Par ailleurs, la répartition des richesses au Maroc est tellement inégalitaire que je ne vois pas où est l’exception.
Non, cela fait partie de la propagande officielle du gouvernement marocain relayée par les gouvernements occidentaux complices, mais comme pour le soutien de Michèle Alliot-Marie à Ben Ali, attention ! Le retour de manivelle pourrait être brutal !

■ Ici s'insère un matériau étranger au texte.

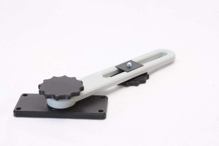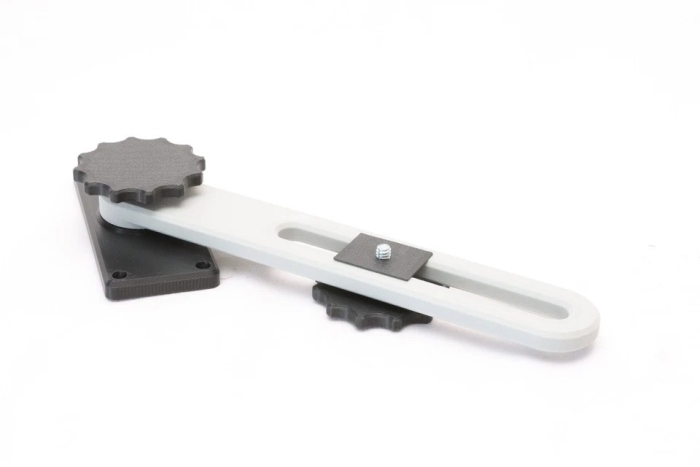The arm is made of fiberglass infused ABS to be strong and stiff. The main knob has a captured metal nut for threading onto the mounting plate bolt.

Y a-t-il eu des victoires même partielles ?
Oui, le bilan du mouvement est très positif. La première chose, qui est en soi une victoire, c’est d’avoir réussi à créer un mouvement de masse étendu, d’avoir suscité des débats au sein de la population qui s’est mise à réfléchir, à élaborer, à rêver et à revendiquer, et rien que ça, c’est énorme !
Ensuite grâce à la pression exercée par le mouvement, plusieurs luttes ont pu obtenir quelques victoires, comme l’augmentation des salaires des fonctionnaires, la baisse des prix de certains aliments. Ce n’est pas encore grand-chose mais nous continuerons à lutter et rien ne nous arrêtera, car aujourd’hui il y a deux choses fondamentales qui nous animent : la détermination et la dignité.

Que pensez-vous du référendum et de la victoire du oui à 98, 5 % ?
Ce référendum est une mascarade. Depuis quand organise-t-on un référendum dix jours après le discours du roi, sans débat contradictoire, avec une propagande officielle des plus insupportables ? Nous avons été pour le boycott du scrutin, car cela ressemblait plus à un simulacre de démocratie qu’à autre chose.
Les chiffres annoncés sont plus que contestables, plusieurs observateurs étrangers ont constaté des irrégularités.
Et puis, pour un pays de 35 millions d’habitants, ne compter que 9 millions de prétendus votants c’est plutôt un échec, non ?

Un dernier mot ?
Je tiens à vous remercier de votre soutien à notre lutte et à celle de tous les peuples opprimés dans le monde entier. Pour notre part, nous continuons le combat jusqu’à la victoire.

* Nom modifié à sa demande.
** Terme en arabe dialectal désignant une sorte de mépris exercé par le makhzen (serviteurs de l’État).